The inventors of democracy and its greatest 18th century champions both go to the polls this weekend. Greek and French voters will try to elect governments they hope will help release their economies from the grips of the euro zone debt crisis.

While exercising their democratic vote, Europeans will also be contemplating another key issue: their basic economic survival.

That is why the debate about austerity versus growth has become so important.

Financial markets see fiscal discipline as crucial to get the euro zone’s debt burden back to sustainable levels. They are going into the Greek elections favoring triple-A rated bonds over peripheral counterparts.

The premium investors require to hold French debt over German Bunds has also risen in the run-up to the French vote as Francois Hollande became the favourite to win.

But as economies fall deeper into recession and double-digit unemployment hurts prospects for growth, the view that austerity alone will not solve the euro zone debt crisis, seems to be gradually winning over some investors in the bond market – the heart of the crisis.

Sanjay Joshi, head of fixed income at London and Capital, says:

There is a gap between reality and the utopian policies that Brussles is coming out with: you cut by x percent and everything will be fine, the markets will open up and you will be OK. It doesn’t work like that because there are human beings involved and people are suffering.

Only a handful of economies in the 17-member euro zone are still growing and the currency bloc as a whole is expected to languish in a mild recession until the third quarter of this year, a Reuters poll showed last month.

Unemployment in the euro zone rose to a 15-year high of 10.9 percent in March.
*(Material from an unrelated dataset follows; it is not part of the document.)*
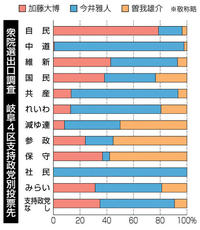 自民支持層8割加藤氏が固める 岐阜4区出口調査分析 無党派、今井氏5割以上 2026年2月9日 05:00 共同通信社は、衆院選が投開票され... 残り428文字(全文:445文字) この記事をお読みいただくには「デジタルプラン」または「宅配+デジタルプラン」の会員登録が必要です。無料会員の方はログインしてマイページからコース変更してください。デジタルプランまたは宅配+デジタルプランをご登録中の方はログインしてください。 岐阜新聞デジタル会員に登録すると 無料会員向け記事が読める ニュースレターで最新情報が受け取れる デジタルプラン、宅配+デジタルプランなら Webオリジナルコンテンツが読める 紙面ビューアが読める チケットの先行発売に参加できる お得なクーポンが使える 新規登録ページ ログインページ トップ 岐阜のニュース 自民支持層8割加藤氏が固める 岐阜4区出口調査分析 無党派、今井氏5割以上 関連記事 *有識者に聞く* 岐阜聖徳学園大准教授(経済学) 松葉敬文氏 「積極財政」繊細な綱渡り 安心な未来へ決意新た *有識者に聞く* 愛知学院大教授(政治学) 「国論を二分」議論が加速 森正氏 岐阜5区 背水の陣、古屋さん13選 岐阜2区 棚橋さん「恩返しへ努力」 岐阜3区 武藤さん「成長を地域に」 おすすめ記事 【衆院選速報】参政・伊藤恵介氏が比例復活当選 岐阜3区 【衆院選速報】野村美穂氏が比例復活当選 岐阜2区 元県議・加藤大博さん、自民の議席奪還【衆院選 岐阜4区】 【衆院選速報】岐阜4区 加藤氏が当選確実

For Spain, it hit 24.1 percent that month, a level not seen in euro zone data stretching back to 1986. Greece’s unemployment rate was nearly 22 percent in January.

For Ryan Avent at The Economist, that’s enough to officially begin calling the episode a depression.

Elisabeth Afseth, fixed income analyst at Investec says:

It is a huge issue, the (fiscal) tightening that is happening in Europe. Obviously they need to improve budget deficits and (so on), it’s not as if they can get away without it, but it’s the sole focus on that which is the problem.

That is why some are holding out hope for French front-runner Francois Hollande, who last week welcomed Germany’s call for growth measures as a sign that Europe was accepting his warning of the risk of austerity.

London and Capital’s Joshi says:

The good news for Greece could be that if Hollande does win in France that it may well change the emphasis in terms of the policy prescription that is coming out of Europe towards more growth-oriented policies which could be a silver-lining for not only Greece, but for many peripheral countries.

The main goal is to get euro zone economies growing again. For that, you need investment. According to Athanasios Ladopoulos, founding partner of Swiss Investment Managers:

What is positive for the markets is if these governments find a way, with the support of external sources, to invest in their own economies. It’s not a magic formula, it’s simple things: more investment, more employment, more salaries, more taxes, more spending, more growth for the economy.